Discussing the still lifes of the 1920s, the artist’s biographer John Richardson notes that they “are astonishingly varied in their dazzling colors, elaborate patterning, rich textures and complex compositions. No longer did Picasso feel obliged to investigate the intricate formal and spatial problems that had preoccupied him ten years before. Instead he felt free to relax and exploit his cubist discoveries in a decorative manner that delights the eye” (quoted in Picasso, An American Tribute (exhibition catalogue), Knoedler Galleries, New York, 1962, n.p.). In the present work, the viewer’s eye is drawn toward the two eggs, their yolks emphatically rendered with varying shades of yellow, surrounded by whites that have been stylized into a long oval. A baguette dominates the right side of the composition, its volume rendered with strong and crisp lines. Beneath the food items rests a rolled up napkin and casually arranged utensils, the texture of which has been masterfully depicted through Picasso’s use of impasto.
The 1920s was a decade of experimentation for Picasso, during which he reinvented his pre-war Cubist vocabulary while also developing a unique Neoclassical style as part of the larger rappelle à l’ordre taking place among the European avant-garde in response to the horrors of the preceding years. In his neo-Cubist compositions of this decade, Picasso introduced new elements of shading and formal lines to express volume, breaking down perspective even further in a search for the true essence of objects. The exuberance in these works during this highly significant period of his career speaks of a certain personal contentment following the sobriety of the war: “When we think of the still lifes by Picasso in the twenties and early thirties, we usually remember first those that are generous and sometimes even exuberant, presumably an expression of his prosperity, his domestic contentment, his sexual satisfaction, and a general happiness” (J. Sutherland Boggs, ed., Picasso & Things, Cleveland, 1992, p. 199).

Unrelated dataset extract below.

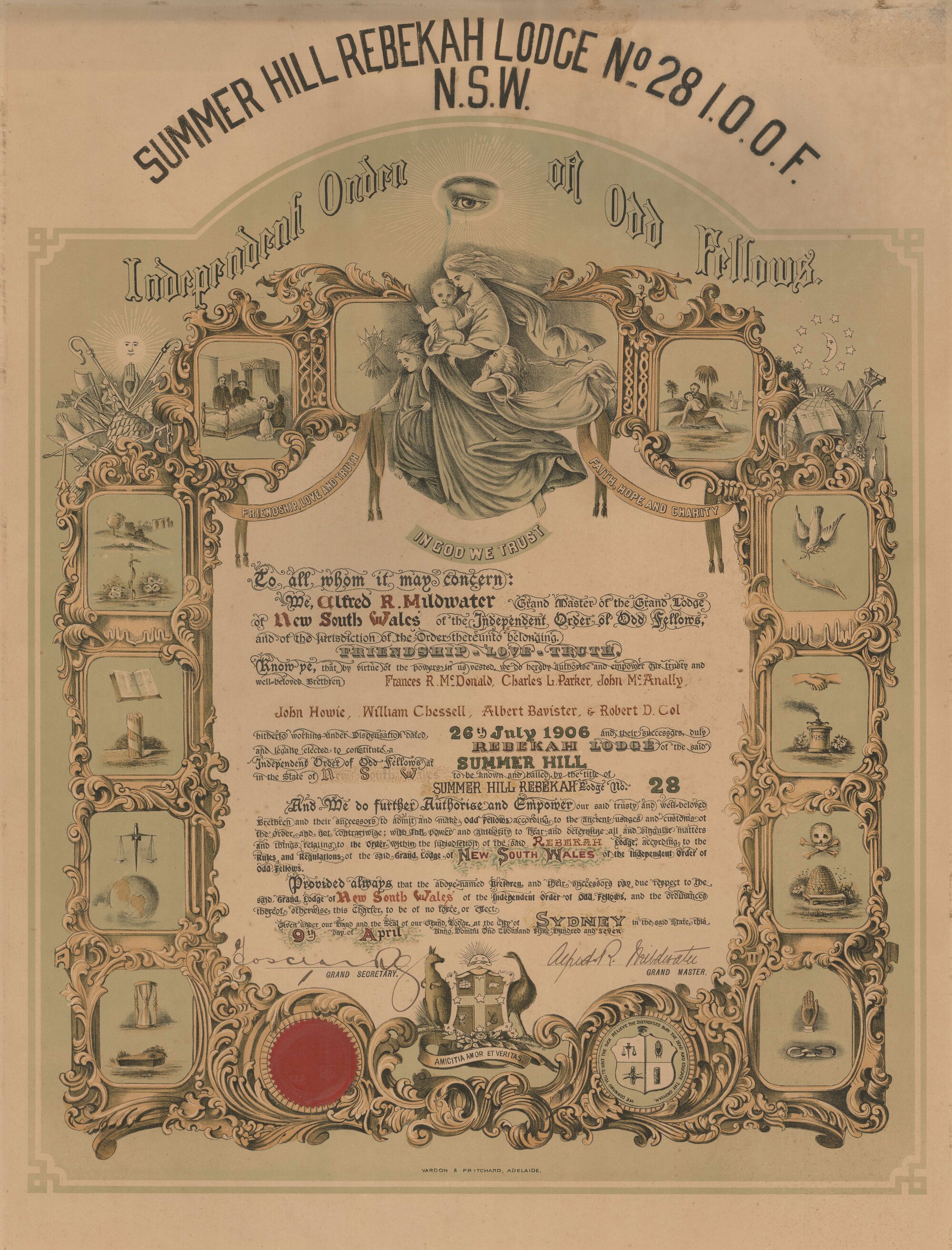 Vardon and Pritchard, Adelaide, Dispensation for the Summer Hill Rebekah Lodge No. 28, I.O.O.F., 1906 (9th April 1907), [BJFSM0425]. Living Histories, accessed 02/04/2026, https://livinghistories.newcastle.edu.au/nodes/view/114489

In this series of still lifes, Picasso focused on a limited number of objects including fish, guitars, glasses and fruit bowls, evoking the core elements of his Cubist compositions while simultaneously illustrating the influence of Purism, which replaced the multiple depictions of quotidian objects with stability and precision. This prescriptive subject matter enabled Picasso to have the freedom to experiment with formal arrangements, adapting and developing combinations of shapes, while creating depth through tones and textures. Elizabeth Cowling observed of these 1920s still lifes: “In their poise, control, and subtlety, they remind one of Chardin's modest kitchen still lifes, in which a limited repertoire of everyday objects is shuffled and reshuffled to form a series of variations on the same melodic theme " (E. Cowling, Picasso, Style and Meaning, London, 2002, pp. 381-82). The deconstruction of form and the use of planes of color led to an abstraction of everyday objects that directly inspired artists of the Pop Art movement in the 1960s.
Although he rarely spoke about his paintings, Picasso commented on the liberties he took with his still lifes: “It is a misfortune—and probably my delight—to use things as my passions tell me… How awful for a painter who loathes apples to have to use them all the time because they go so well with the cloth! I put all the things I like into my pictures. Things, so much the worse for them; they just have to put up with it” (quoted in C. Zervos, “Conversations avec Picasso” in Cahiers d’Art, Paris, 1935, pp. 173-74).